→ Problem statement
If a record contains a picture, skip the picture and transcribe the rest exactly.

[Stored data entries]
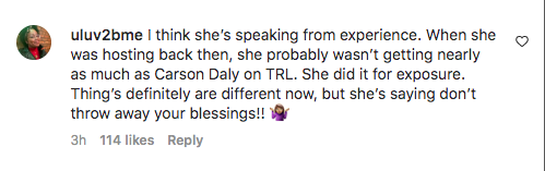 “I think she’s speaking from experience. When she was hosting back then, she probably wasn’t getting nearly as much as Carson Daly on TRL. She did it for exposure. Thing’s definitely are different now, but she’s saying don’t throw away your blessings!!”
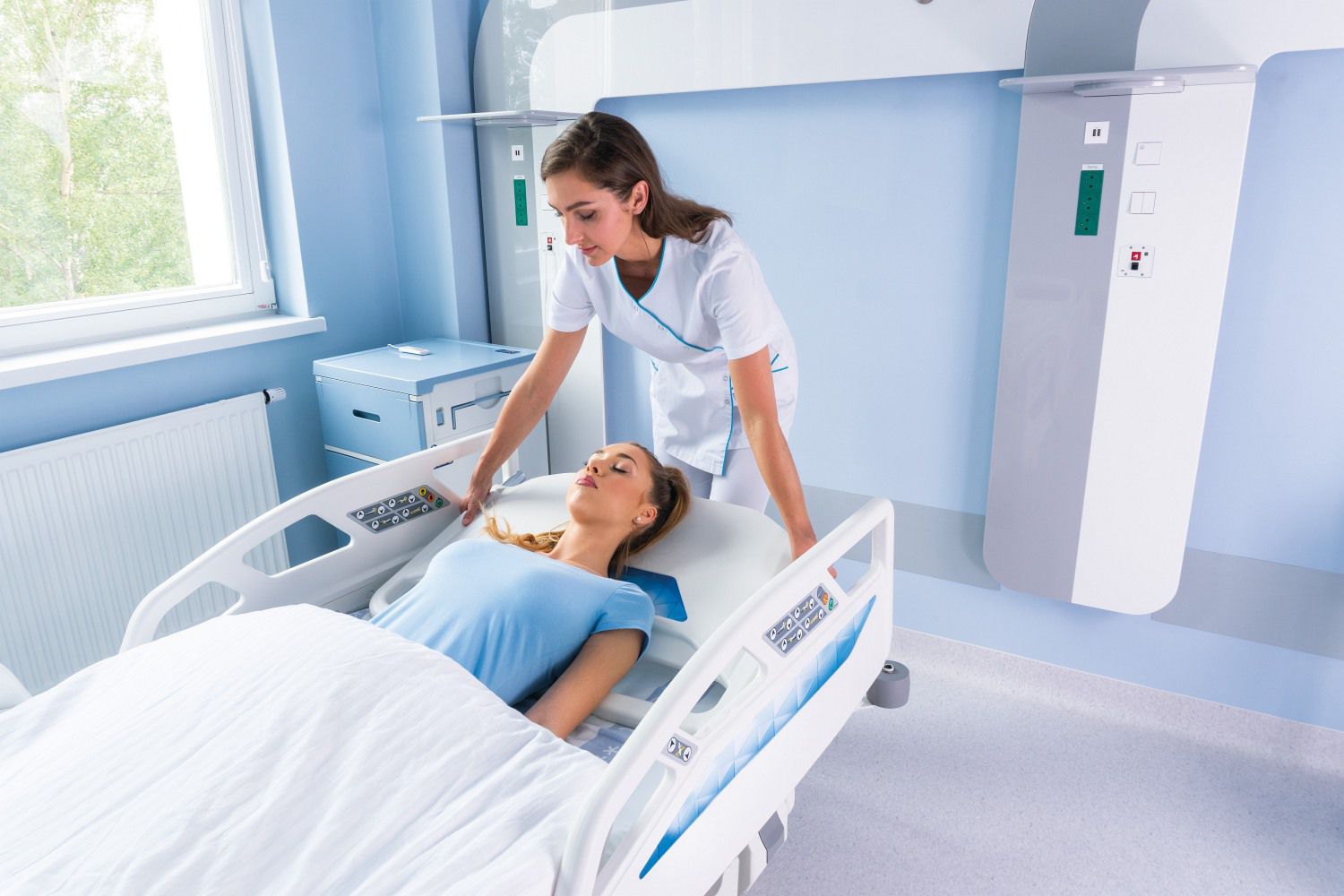 • A multitude of controllers - VEM central panel (very early mobilization), the patient's panel, the staff's panel, a wired remote control or a foot controller.
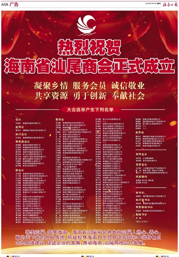 热烈祝贺海南省汕尾商会正式成立
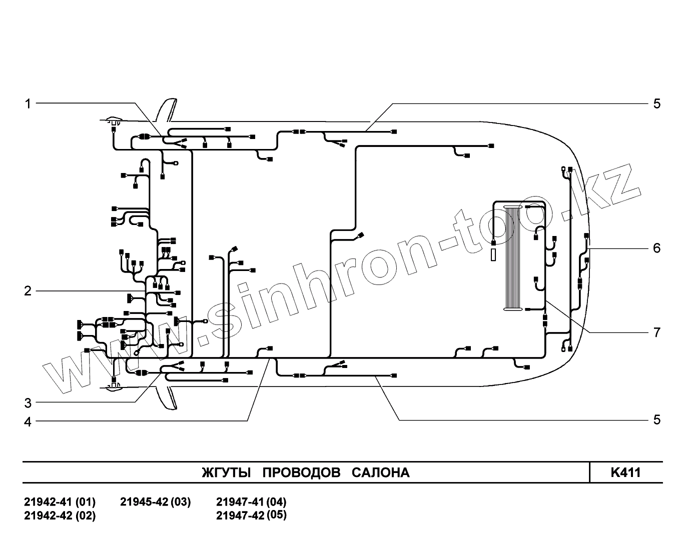 K411. Жгуты проводов салона
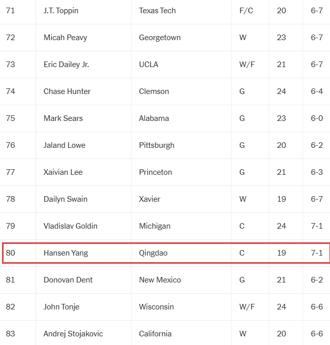 2025-03-01 21:25:17楊瀚森排名第80位!TA最新2025年選秀大板:弗拉格穩居榜首
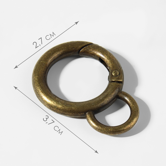 Кольцо-карабин, 37 мм, d=27/19 мм, толщина - 4 мм, с креплением 12×3 мм, 5 шт., цвет бронзовый — Характеристики
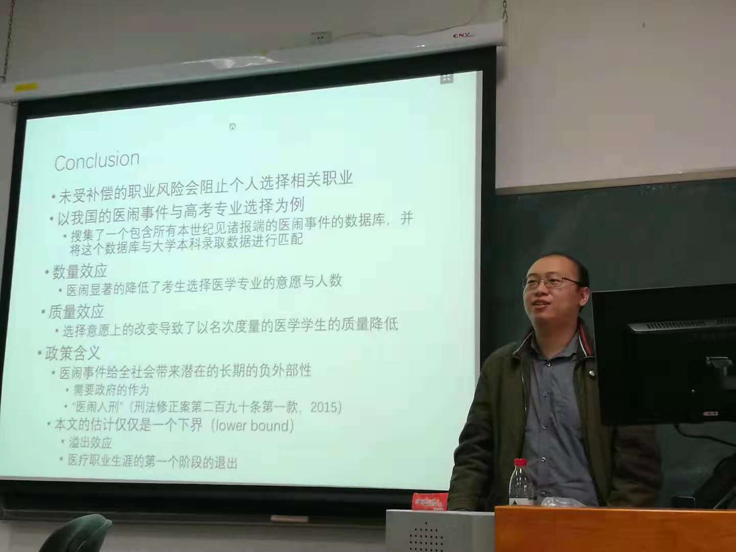 在第二场讲座中,薄诗雨老师就当下热点“医闹”问题展开研究。理论上,薄老师指出医闹不仅会造成直接的经济损失和人身伤害,还会间接产生巨大的社会负外部性,冲击整个护理行业进而导致社会总福利的损失。实证方面,薄老师利用教育部内部高考数据库与慧科新闻数据库进行匹配,检验了医闹对于我国医疗事业未来发展的负外部性。实证结果以中国学生步入护理行业的第一关:“高考报考医学专业”为主要研究对象。研究从医闹对医学专业报考的数量效应与质量效应两方面展开。数量效应上,实证发现发生医闹地区的当年高考医学专业报名人数会下降。质量效应上,薄老师指出发生医闹的省份当年高考医学专业招收到的学生排名会更靠后。在政策建议上,薄老师指出政府不仅要对于医闹行为进行严惩,更需直面形成医闹的根本问题,从源头上解决医闹问题。
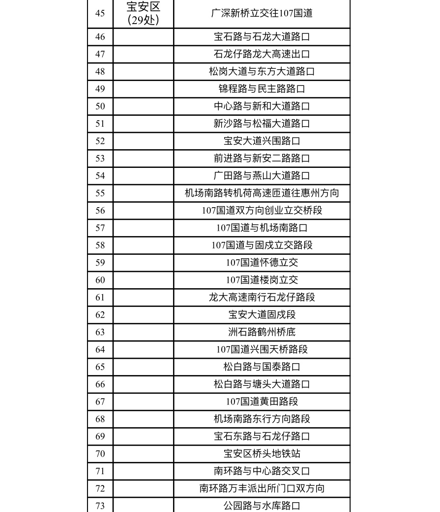 10月13日道路交通实时拥堵预警图根据气象、交通等权威部门发布的易积水路段汇总信息,全市范围雨水天气易积水路段共129处,其中,宝安、龙华、光明、龙岗等行政区积水路段较密集,请市民朋友注意出行安全。
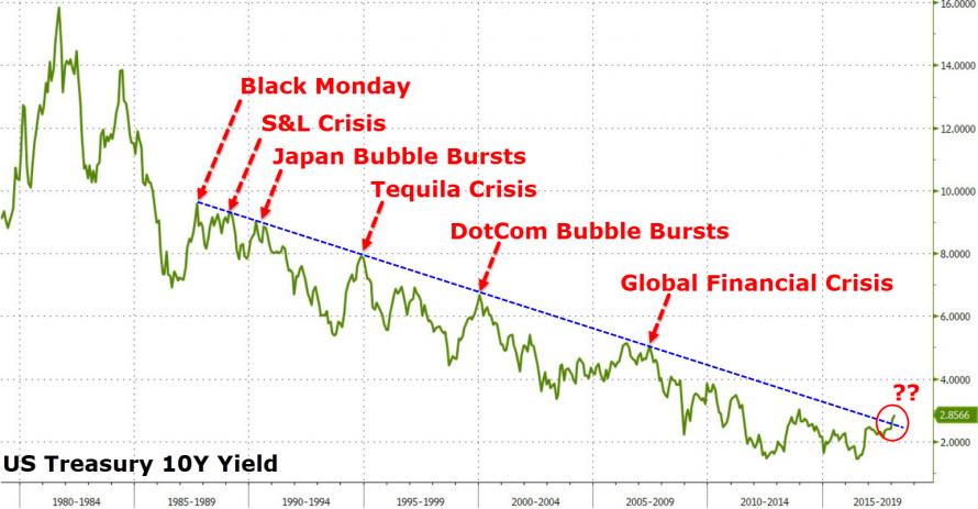But it hasn’t been smooth sailing. Each time interest rates spiked on their 35-year downtrend, we saw some sort of financial crisis. Then rates are cut. It’s an extraordinarily consistent cycle.

→ Result of this task
 “I think she’s speaking from experience. When she was hosting back then, she probably wasn’t getting nearly as much as Carson Daly on TRL. She did it for exposure. Thing’s definitely are different now, but she’s saying don’t throw away your blessings!!”
 • A multitude of controllers - VEM central panel (very early mobilization), the patient's panel, the staff's panel, a wired remote control or a foot controller.
 热烈祝贺海南省汕尾商会正式成立
 K411. Жгуты проводов салона
 2025-03-01 21:25:17楊瀚森排名第80位!TA最新2025年選秀大板:弗拉格穩居榜首
 Кольцо-карабин, 37 мм, d=27/19 мм, толщина - 4 мм, с креплением 12×3 мм, 5 шт., цвет бронзовый — Характеристики
 在第二场讲座中,薄诗雨老师就当下热点“医闹”问题展开研究。理论上,薄老师指出医闹不仅会造成直接的经济损失和人身伤害,还会间接产生巨大的社会负外部性,冲击整个护理行业进而导致社会总福利的损失。实证方面,薄老师利用教育部内部高考数据库与慧科新闻数据库进行匹配,检验了医闹对于我国医疗事业未来发展的负外部性。实证结果以中国学生步入护理行业的第一关:“高考报考医学专业”为主要研究对象。研究从医闹对医学专业报考的数量效应与质量效应两方面展开。数量效应上,实证发现发生医闹地区的当年高考医学专业报名人数会下降。质量效应上,薄老师指出发生医闹的省份当年高考医学专业招收到的学生排名会更靠后。在政策建议上,薄老师指出政府不仅要对于医闹行为进行严惩,更需直面形成医闹的根本问题,从源头上解决医闹问题。
 10月13日道路交通实时拥堵预警图根据气象、交通等权威部门发布的易积水路段汇总信息,全市范围雨水天气易积水路段共129处,其中,宝安、龙华、光明、龙岗等行政区积水路段较密集,请市民朋友注意出行安全。
But it hasn’t been smooth sailing. Each time interest rates spiked on their 35-year downtrend, we saw some sort of financial crisis. Then rates are cut. It’s an extraordinarily consistent cycle.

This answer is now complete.